Comment 3: Consistency in Error Bars: I noticed that the standard deviation (SD) bars in the figures are inconsistently placed - appearing above, below, or on both sides of the data points. Standardizing the presentation of these bars will enhance the visual clarity and coherence of the data representation.

Our answer: The referee is correct (figure 1, figure 6). We did this to prevent overlapping of the SD bars. Upper lines mostly show positive error bars, lower lines negative error bars. We would prefer to maintain this approach which prevents bar overlap (not in all but most cases). However, we are prepared to alter the figure if the referee finds it necessary.

 

Comment 4: Evaluation of Potential Toxicity: The manuscript currently does not address the potential toxicity or adverse effects of mistletoe extracts on normal cells or tissues.
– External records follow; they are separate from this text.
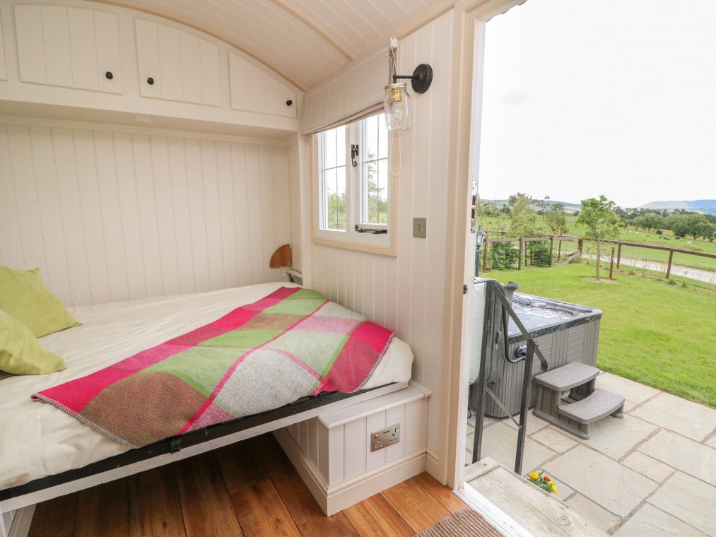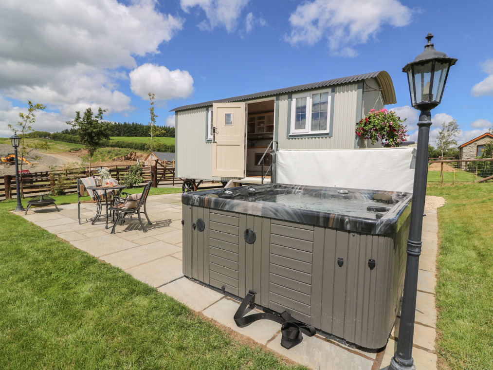 Rhayader 2 miles. Shepherd's View is a contemporary hut embracing a tranquil, scenic countryside location near the fascinating market town of Rhayader, Powys. Boasting homely accommodation and with a luxury hot tub to make the most of.This is the perfect romantic getaway for you and your loved one. Enter the property and feel instantly welcome by its immaculate presentation and warming tone. Kick back and relax on the comfy bench seat whilst watching the TV, or simply appreciating the wonderful countryside views through the beautiful stable door. The compact kitchen area is well-equipped and finished with pristine, neutral fixtures and fittings. To the right of the hut the cosy bench can be transformed into a double bed, also looking out towards the picturesque Rhayader countryside, the perfect sight to wake up to. Get ready for your day in the shower room with shower, basin and toilet facility. The outdoor area here at Shepherd's View is perhaps its finest asset, take a seat on the patio furniture or even in your own luxury hot tub with a glass of bubbly and revel in your location. Rhayader, just two miles away, is a stunning market town offering a fine selection of quality amenities and a museum and art gallery. The surrounding countryside provides a multitude of scenic walks and cycle paths to make the most of. An eccentric hut in a fabulous countryside location. Note: This can be booked with 976618 Woodland View, 932323 Valley View, 963226 Meadow View, 976617 Hillside View, and 976810 Mountain View. All ground floor. Open plan studio accommodation with one double bed, kitchen, dining area and sitting area. Shower room with shower, basin and WC. Amenities for Rental Electric heating Electric oven and hob, microwave, fridge, TV with Freeview, WiFi Fuel and power inc. in rent Bed linen and towels inc. in rent Off road parking for 2 cars Enclosed lawn and patio with hot tub Two well-behaved dog welcome Sorry, no smoking Shop and pub 1.5 miles Note: Four steps up to property Note: The bed pulls down on top of the sitting area Note: Babes-in-arms only Note: Hot tub is cleaned on changeover and can take up to 12 hours to be back to optimal temperature Note: Check in is 4pm.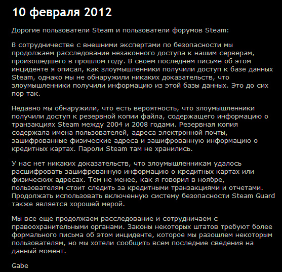 | 10 Февраля Дорогие пользователи Steam и пользователи форумов Steam: В сотрудничестве с внешними экспертами по безопасности мы продолжаем расследование незаконного доступа к нашим серверам, произошедшего в прошлом году. В своем последнем письме об этом инциденте я описал, как злоумышленники получили доступ к базе данных Steam, однако мы не обнаружили никаких доказательств, что злоумышленники получили информацию из этой базы данных. Это до сих пор так. Недавно мы обнаружили, что есть вероятность, что злоумышленники получили доступ к резервной копии файла, содержащего информацию о транзакциях Steam между 2004 и 2008 годами. Резервная копия содержала имена пользователей, адреса электронной почты, зашифрованные физические адреса и зашифрованную информацию о кредитных картах. Пароли Steam там не хранились. У нас нет никаких доказательств, что злоумышленникам удалось расшифровать зашифрованную информацию о кредитных картах или физических адресах. Тем не менее, как я говорил в ноябре, пользователям стоит следить за кредитными транзакциями и отчетами. Продолжать использовать включенную систему безопасности Steam Guard также является хорошей мерой. Мы все еще продолжаем расследование и сотрудничаем с правоохранительными органами. Законы некоторых штатов требуют более формального письма об этом инциденте, которое мы разошлем некоторым пользователям, но мы хотели сообщить всем последние сведения на данный момент. Gabe Прикреплённое изображение | |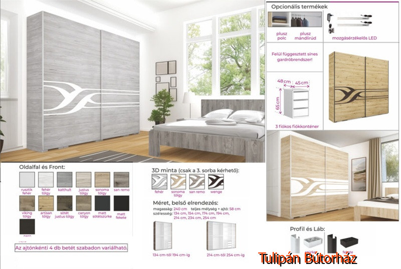 matt sötét szürke, katthult, sötét katthult, aristan tölgy, natúr tölgy, saltillo, justus tölgy, sonoma tölgy, san remo, nero, ferrara tölgy, rusztik fehér, avellino világos, avellino sötét, canterbury, iszap tölgy, arany tölgy, fehér tölgy, zebrano, krém sonoma, artisan tölgy, natúr tölgy, canyon tölgy, matt sötétszürke, matt fekete, viking tölgy... Frontja lehet még(pl: Bond...): magasfényű beige, -fehér,-antracit,-latte,-piros,-fekete.

Our answer: Indeed, this is an important issue. We have addressed potential toxicity and added pertinent information to the discussion (lines 475-484): “Side-effects from mistletoe including local skin reactions at the injection site and systemic reactions such as fever, fatigue, rash, and flu-like symptoms [53,54] have been documented. When mistletoe was applied intravenously to cancer patients, treatment had to be discontinued due to toxicity in 15% of cases (grade 3 fatigue, grade 3 alanine aminotransferase elevation or grade 3 dyspnea/flank pain) [52]. Hence, establishing appropriate dosage is important and requires further study. More studies should be directed towards examining cell signaling processes in other bladder cancer cell lines, not only to verify our observations but also to exclude undesired events or undesired protein-protein cross-communication that could reduce the tumor cell response to mistletoe or even re-activate oncoproteins.”